The Nance

“Everybody’s looking for love” in The Nance, Douglas Carter Beane’s moving new play in performances at the Lyceum Theater. This lyric, crooned onstage in a vaudeville performance, applies to more than simply romantic love. In The Nance, the titular character is seeking love from society, the audience and — this is the most difficult part — himself.

Chauncey Miles, played to pitch-perfect humor and drama by Nathan Lane, is a conundrum in 1930s New York. He plays a nance, a flamboyant homosexual character/caricature in a vaudeville show at the Irving Place Theater, and he is gay in his offstage life as well. As he explains, “It’s like a negro doing blackface.” The Nance, directed by Jack O’Brien, follows Chauncey as both his professional and personal life suffer in the twilight of burlesque while the LaGuardia administration cracks down on homosexuality by raiding theaters and arresting men for “degenerate and disorderly conduct.”

We first meet Chauncey when he is dining in an automat known to be friend to homosexuals. It is there where he meets the fresh-faced Ned (an excellent Jonny Orsini) and invites him home. What Chauncey thought to be an anonymous one-night stand Ned views as something more and the two embark on an actual relationship, something seemingly new to Chauncey. Ned soon begins performing at the Irving Place Theater, alongside Chauncey’s co-stars Efram (an excellent, witty Lewis J. Stadlen) and a trio of strippers (Cady Huffman, Jenni Barber and Andréa Burns), who perform Joey Pizzi’s period-specific choreography.

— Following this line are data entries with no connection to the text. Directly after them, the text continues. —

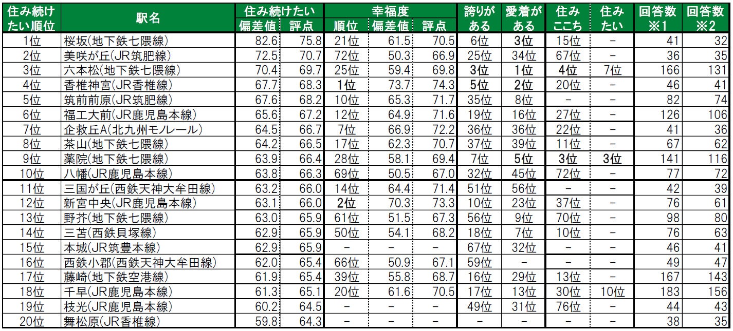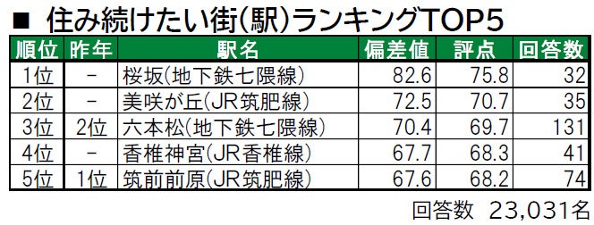 1位は、唯一偏差値80台の高い評価を得ている桜坂で、「街に愛着がある(駅)」でも3位となっています。2位は美咲が丘で、「住み続けたい街(自治体)」で2位の糸島市にある駅です。トップ2は、昨年は累計回答数が30名未満だったためランキング集計対象外だった駅です。3位は六本松で、「街に愛着がある(駅)」1位、「街に誇りがある(駅)」3位、「住みここち(駅)」4位と、各ランキングで高い評価を得ています。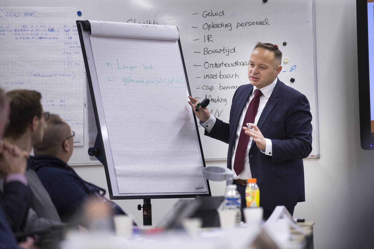 “Wij schaffen bedrijfsmiddelen aan die duur zijn, maar denken te weinig na over wat het na de aanschaf kost. We zijn meer bezig met het rondkrijgen van budget voor de aankoop, terwijl we ook moeten kijken naar de gehele levensduur. In deze cursus krijg ik het totaalbeeld over hoe Defensie LCM moet gebruiken. Als bedrijfskundige vind ik het interessant wat beleidsmakers bedenken en wat dat vervolgens betekent voor de richting van de organisatie. Ik leer hier dat we meer kunnen sturen dan we in praktijk doen. We leveren wel informatie aan het hogere dek, maar geven te weinig bijsturing naar beneden. Alle partners moeten betrokken zijn.”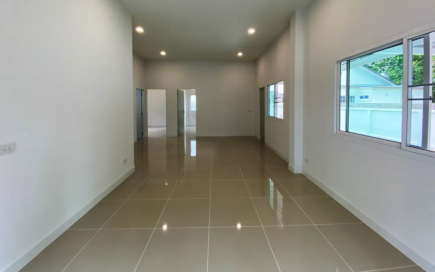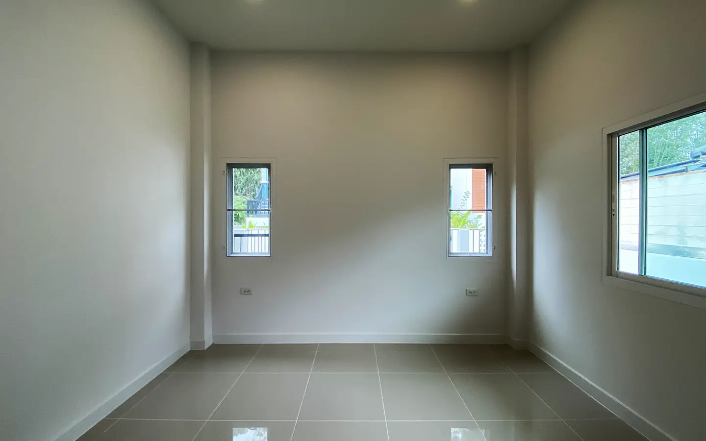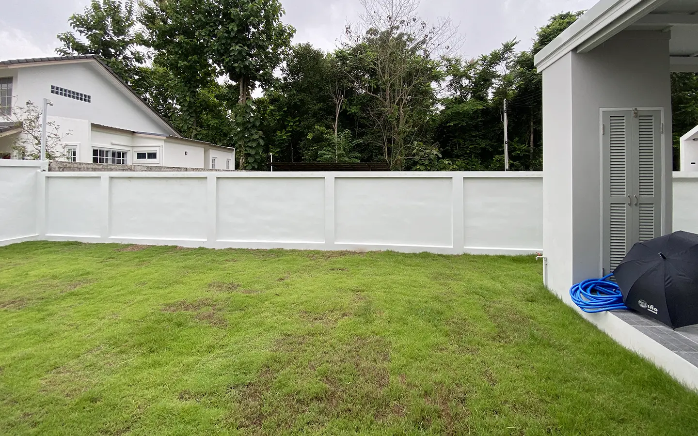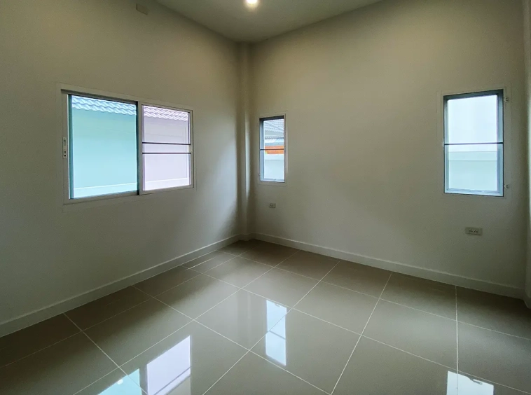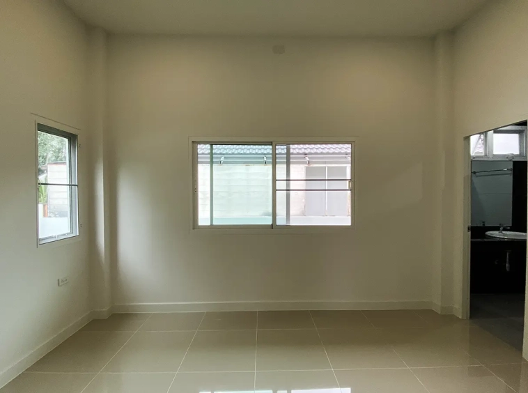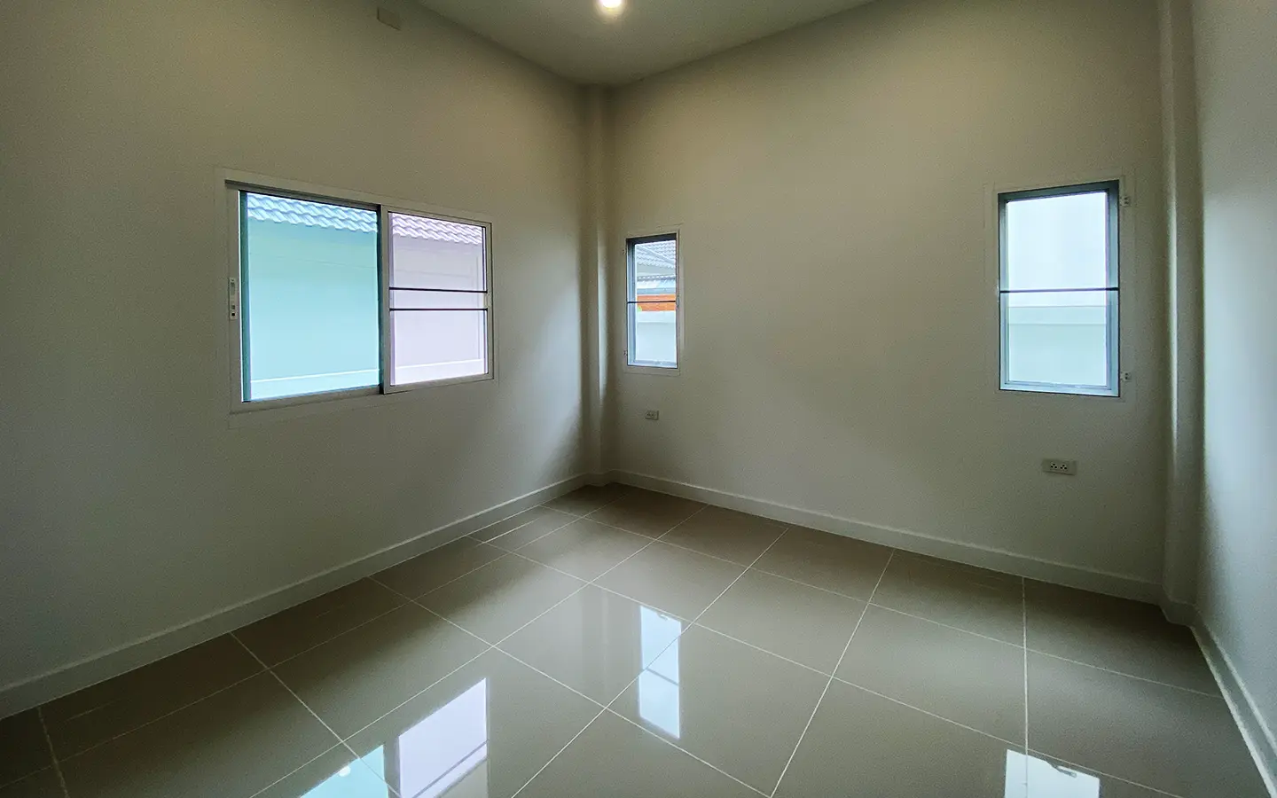 The house is in a small quiet estate of only 15 houses. There is a covered car park with built-in storage cupboards. Inside, the living room is nice and airy with tall ceilings. The house is north-facing and has been specifically designed for good airflow. There are 3 bedrooms with the master bedroom having ensuite and the other two bedrooms sharing a family/guest bathroom. The bathrooms are modern and spacious. There is a designated covered Thai kitchen at the rear of the house with a worktop with a sink and space for hobs. Decent size garden surrounds the 72 sqw house. A lovely designed home with a nice neighbourhood and in a good location.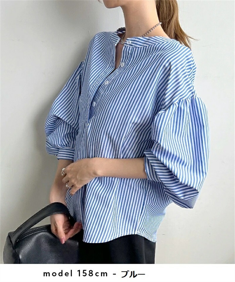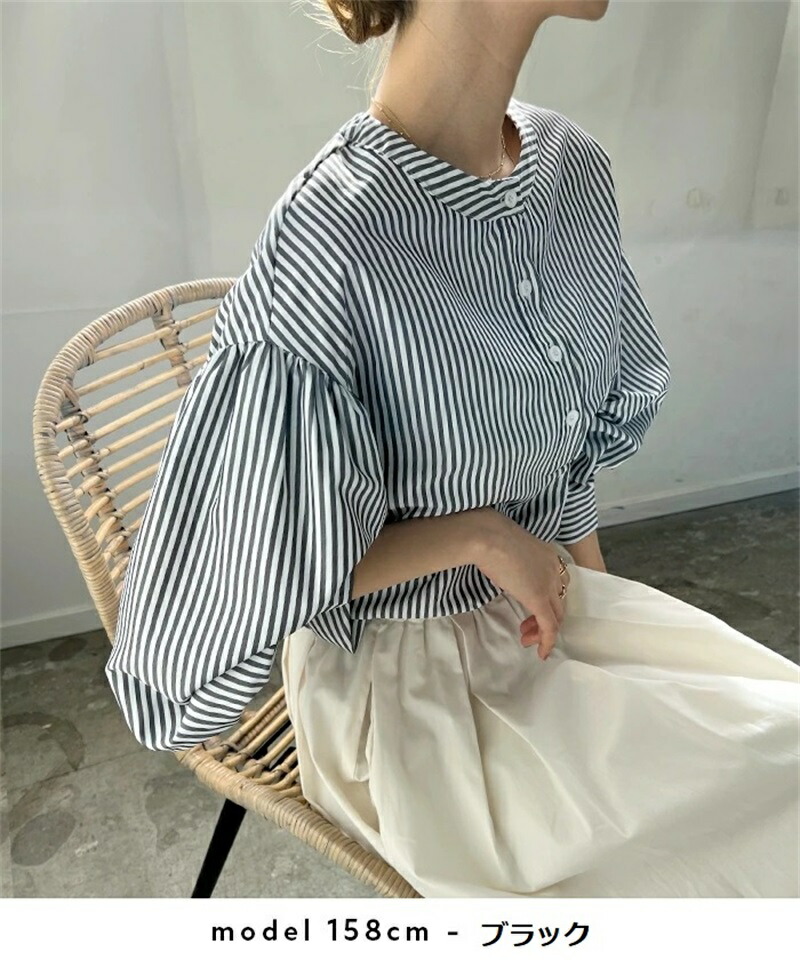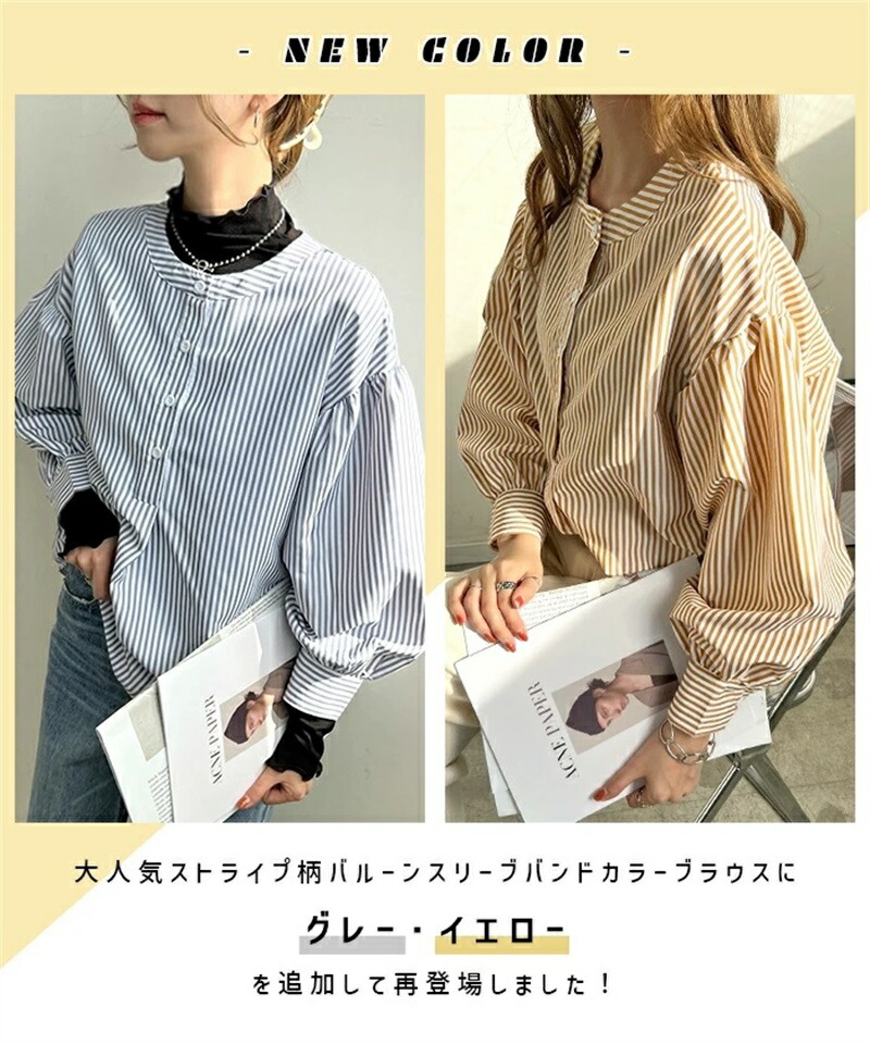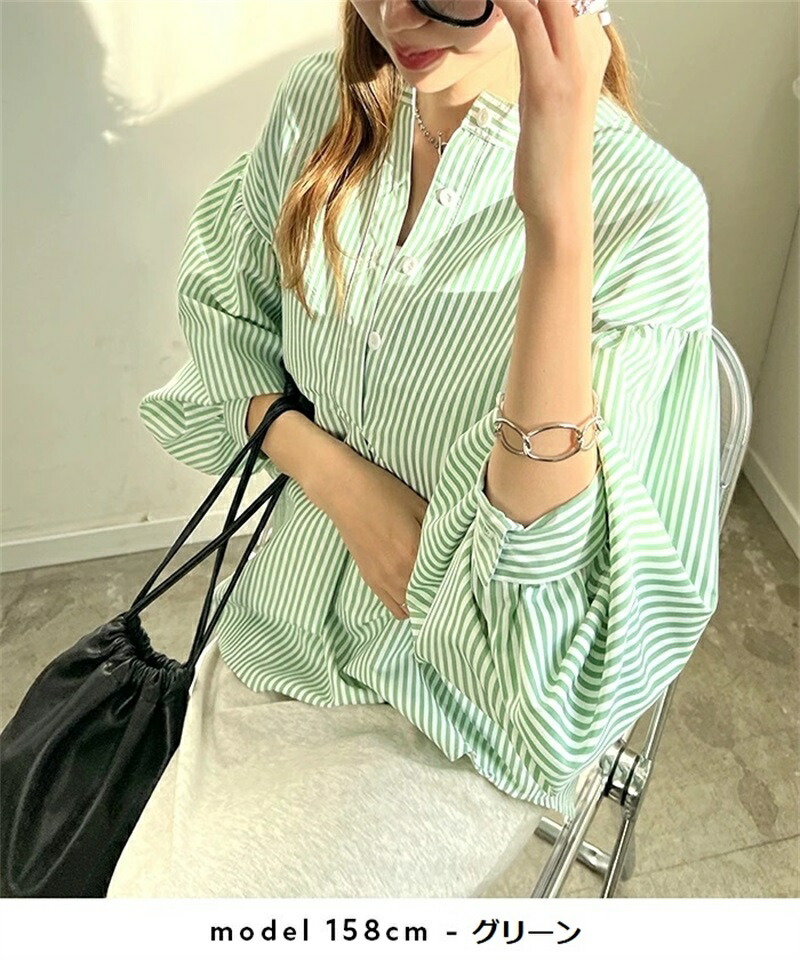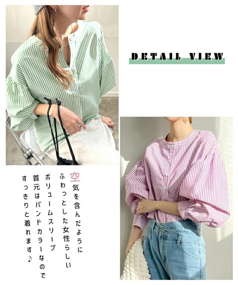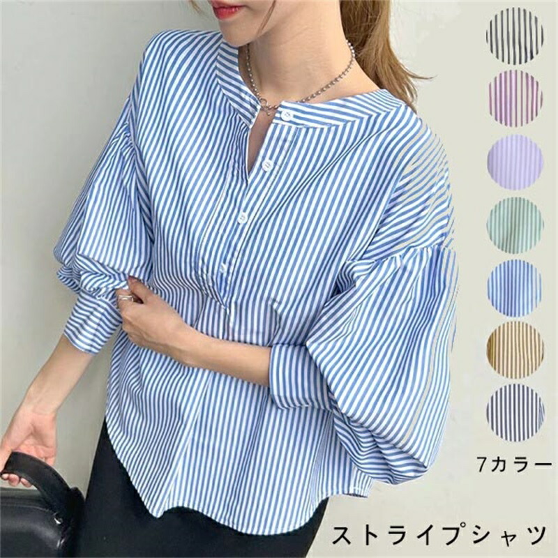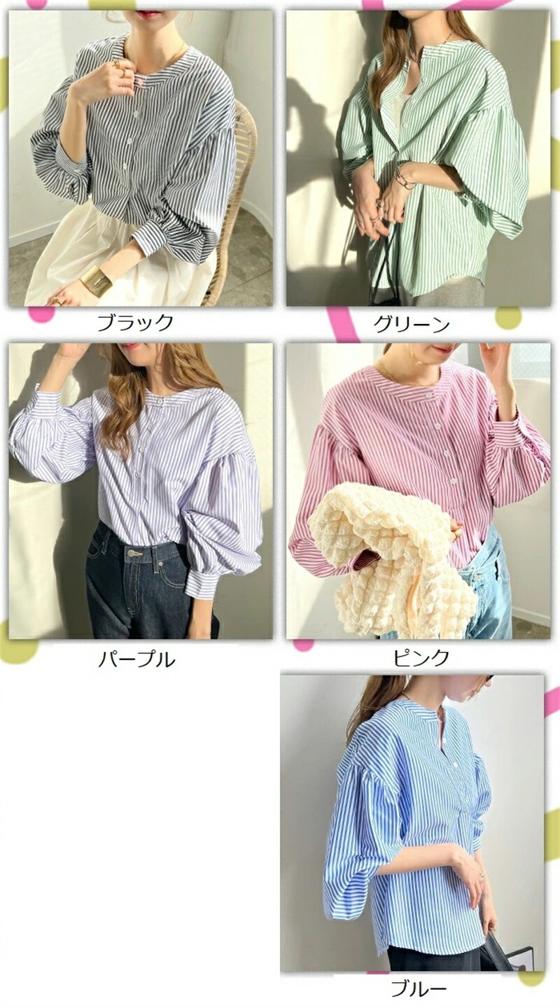 新着 春夏 バブル袖 ストライプシャツ レディースファッション 超目玉商品 ブラック グリーン パープル ピンク ブルー グレー イエロー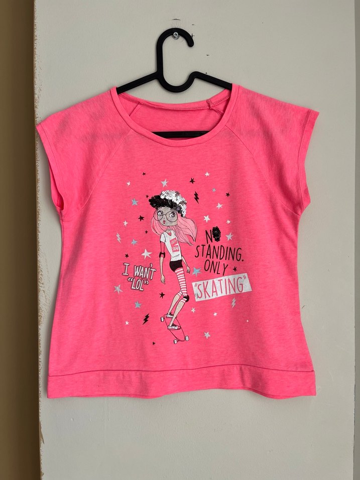 Pembe renkli, kısa kollu, bol kesim kız çocuk tişörtü. Üzerinde "No standing, only skating" ve "I want LOL" yazılı renkli baskı bulunur. Sentetik kumaştan, rahat ve şık sokak stili için uygundur. 10 yaş bedendir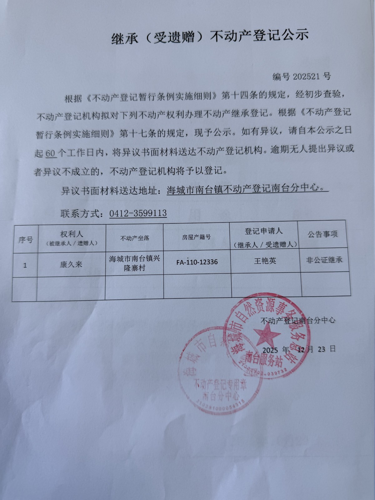 不动产公告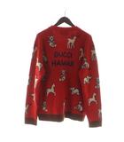 HAWAII カーディガン ウール コットン ニット Vネック アニマル 総柄 赤 レッド ■GY18 /MQ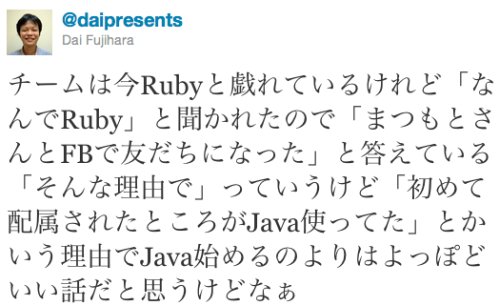 昨日、プログラム言語についてつぶやいたら、いろいろFBを頂きました。ありがとうございます。つぶやきのきっかけは… 続きを読む: 「エンジニアを確保しやすい」という理由でプログラム言語を選んでいいのか?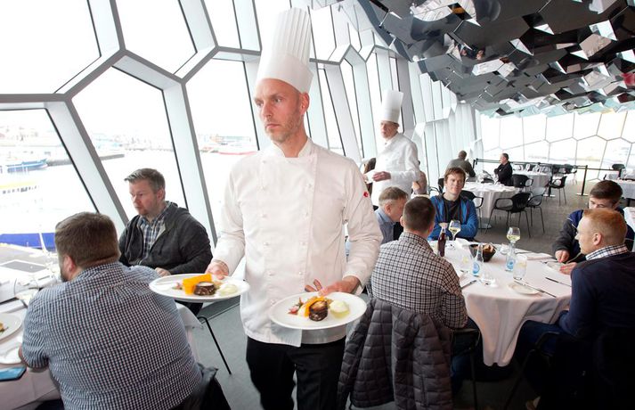 Fjöldi þátttakenda í keppninni Matreiðslumaður ársins rúmlega fjórfaldaðist eftir að fyrirkomulagi keppninnar var breytt. Engin kona var á meðal þeirra sem komust í tíu manna undanúrslit en á sama tíma var dreifing þeirra meiri en oft hefur verið. Engir tveir starfa á sama veitingahúsi og landsbyggðin átti tvo fulltrúa sem er hærra hlutfall en oft áður. Tíu kepptu í undanúrslitum í dag og mun liggja fyrir klukkan 16 hvaða fjórir munu keppa í úrslitum um titilinn Matreiðslumaður ársins næstkomandi sunnudag. Um frestaða keppni er að ræða en hætt var við að halda keppnina í september síðastliðnum þar sem aðeins fjórir skráðu sig til leiks. Úr varð nokkuð hitamál þar sem Jakob H. Magnússon, matreiðslumeistari og dómari, sagðist meðal annars telja að um metnaðar-, áhuga- og hvatningarleysi væri um að kenna. „Ef kokkar ætla sér að keppa gera þeir það þrátt fyrir allar úrtölur og neikvæðni,“ skrifaði Jakob í pistli við það tilefni. Matreiðslumaður ársins 2013 velti fyrir sér hvort menn væru eitthvað smeykir við að keppa. „Það er bara eins og þessir nýju strákar þori ekki í keppnina,“ sagði Viktor Örn Andrésson í samtali við Vísi við sama tilefni.Þorskur á dagskrá Björn Bragi Bragason, sem situr í skipulagsnefnd keppninnar auk þess að vera einn dómara, segir að staðsetningin og tímasetningin hafi verið stóra vandamál. „Á þessum tíma var mikið annríki á veitingastöðum borgarinnar og svo var landsliðið á fullu að keppa líka. Það fara margar hendur í það. Því fór sem fór,“ segir Björn Bragi. Hann er afar ánægður með hvernig til hafi tekist í ár. Fyrirkomulaginu var líka breytt á þann veg að kostnaður við þátttöku var enginn, þátttakendur sendu inn nafnlausar uppskriftir og einu leiðbeiningarnar voru að gera flottan rétt með þorsk í aðalhlutverki. Björn Bragi segir að við mat á uppskriftunum hafi meðal annars horft til hráefnanýtingar, frumlegheita og samsetningu. Í dag framreiddu svo kokkarnir tíu réttina sína en þeir urðu að vera nákvæmlega í takt við uppskriftina sem þeir skiluðu. Í dag er sérstaklega horft til útlits á matnum, hvernig uppskrift var fylgt, framsetningu og svo bragðið sem vegur 60 prósent.Hvorug konan komst áfram Sautján sendu inn uppskrift en tveir umsækjenda voru konur. Hvorug þeirra komst áfram í úrslitin. Uppskriftirnar voru sendar inn án nafns. „Það hallar mjög á konur í faginu okkar. Það vantar fleiri stelpur í kokkinn,“ segir Björn Bragi. Hann hafi engar upplýsingar um hlutfallið í stéttinni en gæti trúað að það væri ein kona fyrir hverja tíu karla. „Ef þú horfir enn lengra aftur í tímann þá voru karlar ekkert í þessu. Konurnar elduðu heima og mönnuðu mötuneytin. Svo þegar þetta varð að atvinnugrein tóku karlarnir þetta,“ segir Björn Bragi.Viktor Örn fagnar sigri í keppninni árið 2013.Vísir/ValliFara til fólksins Úrslitin fara fram á sunnudaginn fyrir framan Smurstöðina þar sem fólki gefst kostur á að fylgjast með kokkunum athafna sig. Það var ekki í boði þegar keppnirnar fóru fram í húsakynnum Menntaskólans í Kópavogi. „Við höfum átt frábært samstarf við Hótel og matvælaskólann undanfarin ár. En nú erum við að fara til fólksins. Það er ekki sjálfgefið að allir komi til okkar,“ segir Björn Bragi. Sigurvegarinn keppir fyrir hönd Íslands í keppninni Matreiðslumaður Norðurlandanna í Danmörku í júní. Viktor Örn í Bláa lóninu vann keppnina í fyrra og því eiga Íslendingar titil að verja. Einu sinni áður hefur Ísland átt sigurvegara en árið 2003 vann Ragnar Ómarsson, kokkur á Nordica keppnina.Einn þorskréttanna sem borin var fram í Hörpu í dag.Vísir/PjeturBjörn Bragi, lengst til hægri, ásamt kollegum sínum í dómarateyminu á Kolabrautinni í hádeginu í dag.Vísir/PjeturEinn þeirra sem kepptu í undanúrslitum í dag.Vísir/Pjetur

The Nance, much like the musical Cabaret, alternates between real-life scenes and onstage performances that reflect or comment on the Chauncey’s actual life.As both begin to rapidly deteriorate, The Nance takes a much darker turn, especially as Chauncey, a Republican, experiences rapid disillusionment with this political party. When the policeman raid the theater mid-performance, Chauncey chooses to remain onstage and be arrested, and in the courtroom, attempts to reason with the judge. He fails and, as he says forlornly to his friends later, he thought they would listen to him because he was one of them. This act of bravado, and the resulting despair, are beautifully portrayed by Lane, whom Beane had in mind for Chauncey while writing the play.Lane gives Chauncey both the bravery and naivete he needs, honoring both the ego of an actor and the fear and loneliness that reside within that ego. As Chauncey watches the world he knew fall apart around him and indulges in extremely self-destructive behavior, Lane portrays both the despair and the anger that drive his actions. As his desperation and self-contempt begin to appear in his acts onstage, the result is simply heartbreaking. Chauncey is viewed as a hero by his friends but he loathes the compliment, preferring instead to suffer in isolation.

Lane is joined by an excellent supporting cast, all of whom fully inhabit their characters. Orsini gives a full-hearted, carefully textured performance as Ned, a man who can be honest with himself and his Chauncey, even when Chauncey cannot. Especially impressive is Huffman, playing a salty-tongued Communist who recognizes Chauncey’s spiraling self-destructive behavior.

Much like burlesque scenes in The Nance, beautifully rendered with sets by John Lee Beaty, lighting by Japhy Weideman and costumes by Ann Roth, reflected on Chauncey’s real life, the play The Nance reflects much on ours. As the Defense of Marriage Act is debated in the Supreme Court, the definition of equality is pondered in American culture. The fanatacism of the LaGuardia administration to, as Chauncey put it, “pander to the Jesus crowd” by shutting down burlesque shows and arresting homosexuals in order to gain re-election brought to mind the desperate attempts to restrict reproductive rights and eliminate abortion during the most recent election period.Part of Chauncey’s onstage act involved someone asking him, “Are you a nance?” and him proudly responding with comedic exaggerated defensiveness, “Yes. And that doesn’t necessarily mean I’m a bad person!” As the play progressed, this statement sounded increasingly desperate. It is a shame that it still needs to be said almost 100 years later.